> _Problem to solve_:
Take from the entries below the stretch from the line with "Charming at danang" through the line with "西鉄駅前から六ツ門通りに至る", and return it exactly, leaving the pictures out.
START Given records
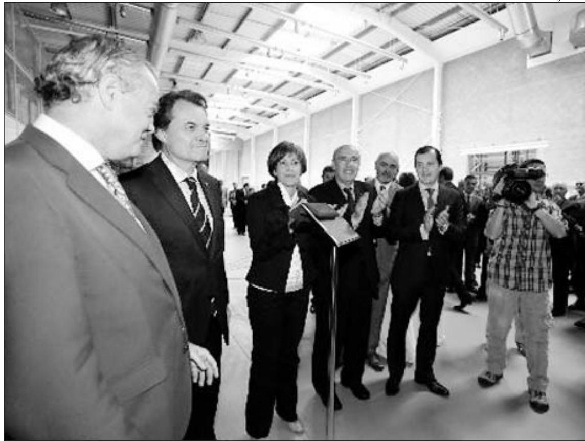
EL PRESIDENT, ARTUR MAS, AMB L'ALCALDESSA, ANA DEL FRAGO I LA RESTA D'AUTORITATS

El gruix de la inversió a Catalunya de Grup Cofares es focalitza en el nou magatzem de Barberà, on s'ha construït una nau amb una superfície de 10.000 m 2 i capacitat de magatzematge de 10.000 m 3 . Aquestes instal·lacions incrementaran la productivitat a mitjà termini. Aquest magatzem permetrà gestionar més de 28.000 referències de medicaments i productes sanitaris, i comptarà amb l'última tecnologia en robòtica i identificació per radiofreqüència. L'objectiu de Cofares és convertir aquesta instal·lació en el centre del seu negoci a Catalunya,
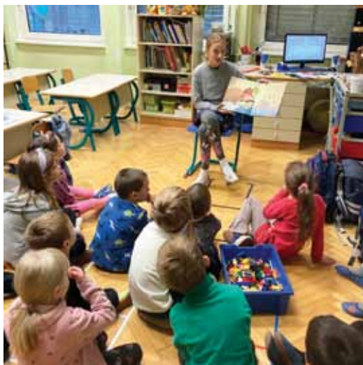
Slika 9: Učenka bere pravljice v jutranjem varstvu. Foto: Nataša Logar Andič, 2023.
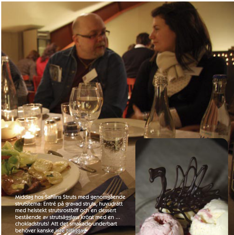
Middag hos Sahllins Struts med genomgående strutstema: Entré på gravad struts, huvudrätt med helstekt strutsrostbiff och en dessert bestående av strutsägglass krönt med en ... chokladstruts! Att det smakade underbart behöver kanske inte tilläggas.
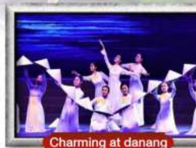
Charming at danang
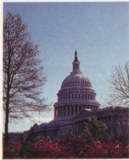
The U.S. Capitol (Das Kapitol) Capitol Hill. Die Hallen dieses herrlichen Gebäudes haben die bedeutendsten Männer der amerikanischen Geschichte gesehen. Der Bau wurde im Jahr 1793 begonnen. Am 22. November 1800 sprach Präsident John Adams vor einer Sitzung des Kongresses im Senatssaal; aber völlig fertiggestellt wurde das Gebäude erst im Jahre 1867. Öffnungszeiten täglich von 9 bis 16.30 Uhr, ausser an Neujahr, Thanksgiving (Erntedanktag am vierten Donnerstag im November) und Weihnachten. Führungen beginnen in der Rotunde alle paar Minuten von 9 bis 15.45 Uhr. Ein Eingang zu ebener Erde unter dem Säulenvorbau sowie viele Rampen und Aufzüge im Inneren erleichtern Körperbehinderten den Besuch. Auch Rollstühle stehen zum Verleih bereit. Tel. 225-6827.
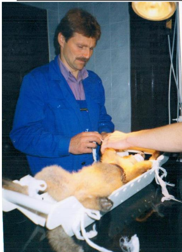
Veterinarijos klinikoje. Pagalba lapiukui.
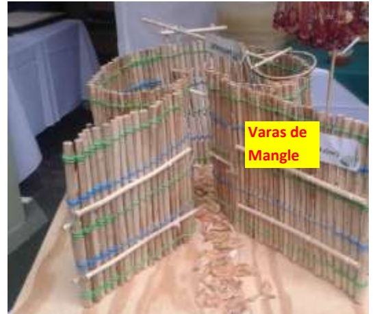
Figura N° 6 Chiquero del Tapo.
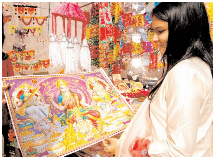
हरिद्वार में शनिवार को दिवाली पर लक्ष्मी पूजा के लिए एक दुकान से भगवान की फोटो खरीदती एक महिला।
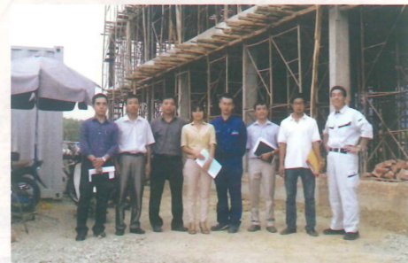
いちばん右が弊社社長
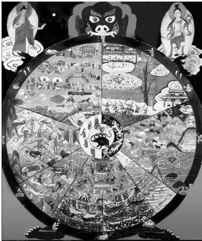
Бхаваачakra. "Колесо существования" XIX в. Грунтованное полотно, минеральные краски. 204×165
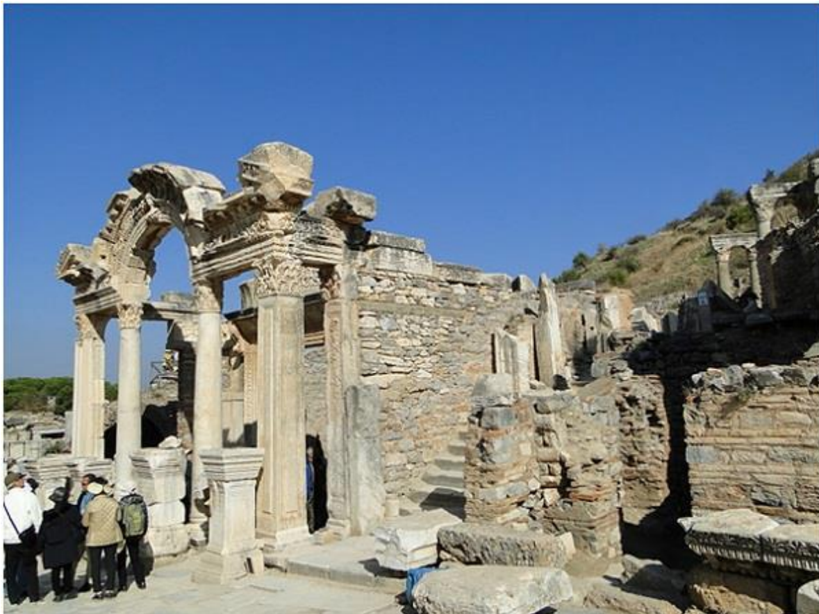
Стариот град Ефес

Според кажувањата куќата ја открила германската калуѓерка Ана Катерина Емерич, која својот живот го посветила на Бога, била парализирана и воспоставила духовна комуникација со света Богородица. Нејзе во бесвесна состојба и' се прикажувало, се вели во документите, дека Богородица е закопана во близина на Црквата. Тоа го потврдиле некои лазаријански свештеници кои во 1891 година го откриле местото на куќата во која света Богородица ги поминала последните денови од животот. Така, било откриено дека зградата во форма на крст и кубето биле руинирани, но подоцна биле реставрирани.
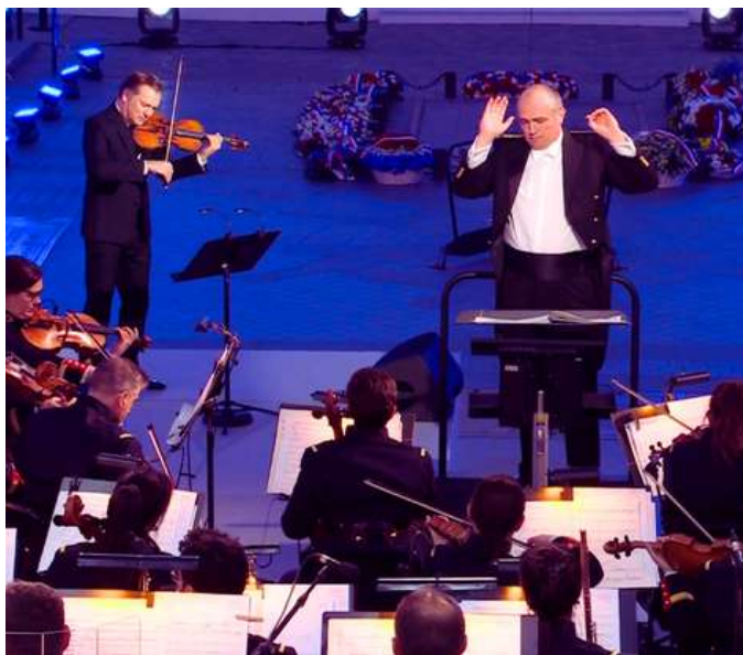
Orchestre symphonique de la Garde républicaine et Renaud Capuçon

© France télévisions - Le concert de la paix
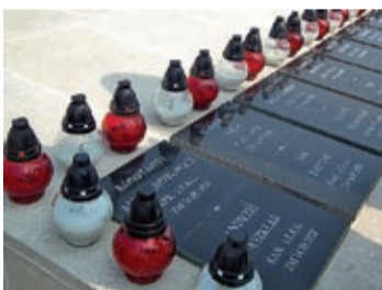
96. rocznica bitwy pod Dytiatynem Konstanty Czawaga s. 4
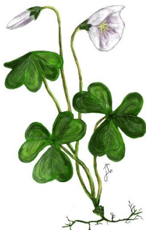
Skovsyre ( Oxalis acetosella )

Bladene er ellipseformede og grønne. Blomsterne er hvide og stjernelignede, og de sidder i små skærme.
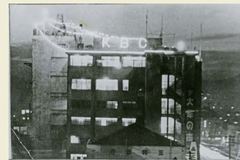
KBC久留米で誕生し放送開始 (昭和29年1月)

西鉄駅前から六ツ門通りに至るひなびた古道は、戦災後姿を一変。西鉄通り、一番街へと発展もめざましく、45年8月アーケード完成。
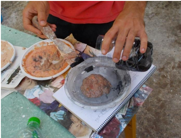
Εικ.38 Φωτογραφία κατά τη δημιουργία τριών ενδιάμεσων χρωματικών τόνων
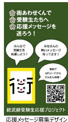
応援メッセージ募集デザイン

第1弾として jeki 千葉支社から、伝言板への応援メッセージを募集する画像を掲出しています。
END Given records
> _Task output_:
Charming at danang
The U.S. Capitol (Das Kapitol) Capitol Hill. Die Hallen dieses herrlichen Gebäudes haben die bedeutendsten Männer der amerikanischen Geschichte gesehen. Der Bau wurde im Jahr 1793 begonnen. Am 22. November 1800 sprach Präsident John Adams vor einer Sitzung des Kongresses im Senatssaal; aber völlig fertiggestellt wurde das Gebäude erst im Jahre 1867. Öffnungszeiten täglich von 9 bis 16.30 Uhr, ausser an Neujahr, Thanksgiving (Erntedanktag am vierten Donnerstag im November) und Weihnachten. Führungen beginnen in der Rotunde alle paar Minuten von 9 bis 15.45 Uhr. Ein Eingang zu ebener Erde unter dem Säulenvorbau sowie viele Rampen und Aufzüge im Inneren erleichtern Körperbehinderten den Besuch. Auch Rollstühle stehen zum Verleih bereit. Tel. 225-6827.
Veterinarijos klinikoje. Pagalba lapiukui.
Figura N° 6 Chiquero del Tapo.
हरिद्वार में शनिवार को दिवाली पर लक्ष्मी पूजा के लिए एक दुकान से भगवान की फोटो खरीदती एक महिला।
いちばん右が弊社社長
Бхаваачakra. "Колесо существования" XIX в. Грунтованное полотно, минеральные краски. 204×165
Стариот град Ефес

Според кажувањата куќата ја открила германската калуѓерка Ана Катерина Емерич, која својот живот го посветила на Бога, била парализирана и воспоставила духовна комуникација со света Богородица. Нејзе во бесвесна состојба и' се прикажувало, се вели во документите, дека Богородица е закопана во близина на Црквата. Тоа го потврдиле некои лазаријански свештеници кои во 1891 година го откриле местото на куќата во која света Богородица ги поминала последните денови од животот. Така, било откриено дека зградата во форма на крст и кубето биле руинирани, но подоцна биле реставрирани.
Orchestre symphonique de la Garde républicaine et Renaud Capuçon

© France télévisions - Le concert de la paix
96. rocznica bitwy pod Dytiatynem Konstanty Czawaga s. 4
Skovsyre ( Oxalis acetosella )

Bladene er ellipseformede og grønne. Blomsterne er hvide og stjernelignede, og de sidder i små skærme.
KBC久留米で誕生し放送開始 (昭和29年1月)

西鉄駅前から六ツ門通りに至るひなびた古道は、戦災後姿を一変。西鉄通り、一番街へと発展もめざましく、45年8月アーケード完成。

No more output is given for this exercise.